▶ _Goal of the exercise_:
Each record below must come back exactly as written; its pictures must not.

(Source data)
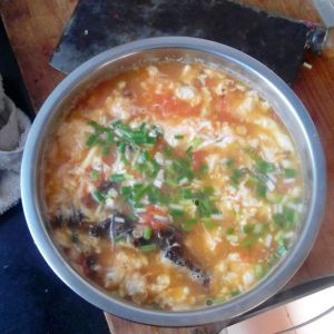 把紫菜撕碎先丢尽锅里,番茄汤煮沸腾,以圈形式,倒入蛋花,等待10秒,用锅铲,从外往里推动汤两三次,不要推多了,不然蛋蛋就成花沫沫了╭(╯ε╰)╮,关火。
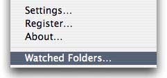 To access the adminstration window for Watched Folders please use the menu or the toolbar button.
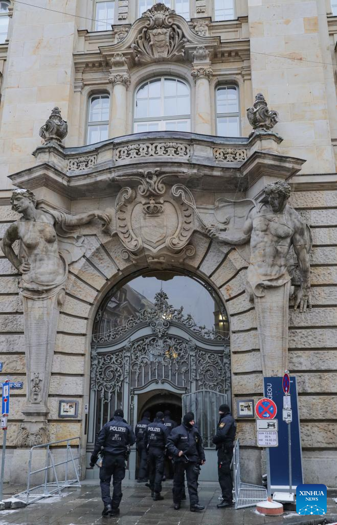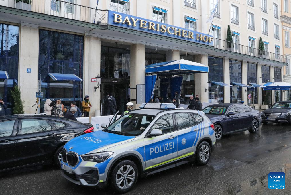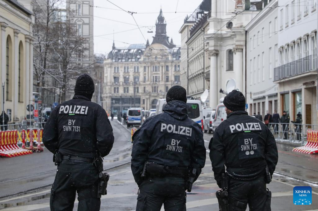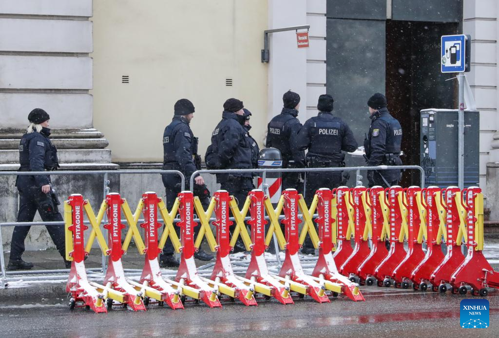 Policemen stand guard near the hotel holding the 61st Munich Security Conference in Munich, Germany, Feb. 16, 2025. The three-day Munich Security Conference concluded here on Sunday. (Xinhua/Zhang Fan)
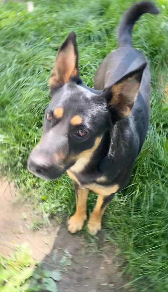 Pet Description:45-55 llbs, he was not wearing a collar, he is a medium sized dog, very friendly and follows people around, he loves playing with water, only understands spanish, his tail is most if the times curled upwards, |
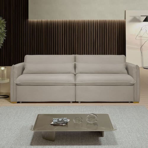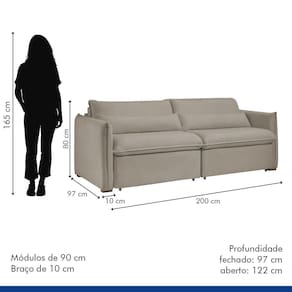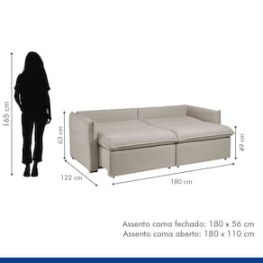 O sofá-cama retrátil e reclinável Aurora combina design moderno e funcionalidade. Ajuste a profundidade do assento e a inclinação do encosto para máximo conforto. Converta-o facilmente em uma cama espaçosa para visitas. Ideal para otimizar espaços pequenos com estilo e praticidade. Transforme sua sala com o conforto e a elegância do Aurora. Produto Montado: Sim Acompanha Almofadas extras: 02 Almofada do assento: Fixa Almofada do encosto: Fixa Altura do assento até o chão: 49.0000 Altura do Encosto: 31 cm Altura dos Pés: 2,5 cm Ambiente Principal: Sala de Estar codigo_ean: 7909903691588 Complexidade da Montagem: Baixa: pode ser montado por uma pessoa sozinha Cor: Bege Claro Cor do Produto: Bege Claro Densidade do Assento: D-28 Enchimento do Assento: Espuma Enchimento do Encosto: Espuma Firmeza do Assento: Firme Itens Inclusos: 1 sofá e manual de instrução. Material dos Pés: Madeira Necessita Montagem: Sim Peso: 63 kg Pet Friendly: Não Possui Percintas Elásticas: Sim Possui Pés: 08 Possui Rodízio: Sim Profundidade Quando Estendido: 122 Recomendações de Uso, Manutenção e Limpeza: Não utilizar produtos químicos. Não utilizar produtos abrasivos. Não molhar. Utilizar pano macio e seco ou levemente umedecido. Resistente à Chuva: Não Revestimento do Braço: Veludo Rodízio com Trava: Não Sistema de Montagem: Encaixe. Suporta Até (kg): 120 kg Tecido Predominante: Veludo Tipo de Encosto: Regulável Tipo de Mola: Não Possui Marca: Celflex
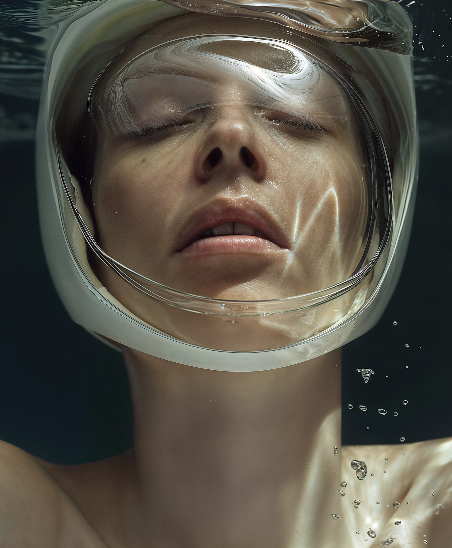 Close-up of a person underwater with a transparent helmet, serene expression, and light reflections creating an ethereal effect.

▶ _Solution to this exercise_:
 把紫菜撕碎先丢尽锅里,番茄汤煮沸腾,以圈形式,倒入蛋花,等待10秒,用锅铲,从外往里推动汤两三次,不要推多了,不然蛋蛋就成花沫沫了╭(╯ε╰)╮,关火。
 To access the adminstration window for Watched Folders please use the menu or the toolbar button.
 Policemen stand guard near the hotel holding the 61st Munich Security Conference in Munich, Germany, Feb. 16, 2025. The three-day Munich Security Conference concluded here on Sunday. (Xinhua/Zhang Fan)
 Pet Description:45-55 llbs, he was not wearing a collar, he is a medium sized dog, very friendly and follows people around, he loves playing with water, only understands spanish, his tail is most if the times curled upwards, |
 O sofá-cama retrátil e reclinável Aurora combina design moderno e funcionalidade. Ajuste a profundidade do assento e a inclinação do encosto para máximo conforto. Converta-o facilmente em uma cama espaçosa para visitas. Ideal para otimizar espaços pequenos com estilo e praticidade. Transforme sua sala com o conforto e a elegância do Aurora. Produto Montado: Sim Acompanha Almofadas extras: 02 Almofada do assento: Fixa Almofada do encosto: Fixa Altura do assento até o chão: 49.0000 Altura do Encosto: 31 cm Altura dos Pés: 2,5 cm Ambiente Principal: Sala de Estar codigo_ean: 7909903691588 Complexidade da Montagem: Baixa: pode ser montado por uma pessoa sozinha Cor: Bege Claro Cor do Produto: Bege Claro Densidade do Assento: D-28 Enchimento do Assento: Espuma Enchimento do Encosto: Espuma Firmeza do Assento: Firme Itens Inclusos: 1 sofá e manual de instrução. Material dos Pés: Madeira Necessita Montagem: Sim Peso: 63 kg Pet Friendly: Não Possui Percintas Elásticas: Sim Possui Pés: 08 Possui Rodízio: Sim Profundidade Quando Estendido: 122 Recomendações de Uso, Manutenção e Limpeza: Não utilizar produtos químicos. Não utilizar produtos abrasivos. Não molhar. Utilizar pano macio e seco ou levemente umedecido. Resistente à Chuva: Não Revestimento do Braço: Veludo Rodízio com Trava: Não Sistema de Montagem: Encaixe. Suporta Até (kg): 120 kg Tecido Predominante: Veludo Tipo de Encosto: Regulável Tipo de Mola: Não Possui Marca: Celflex
 Close-up of a person underwater with a transparent helmet, serene expression, and light reflections creating an ethereal effect.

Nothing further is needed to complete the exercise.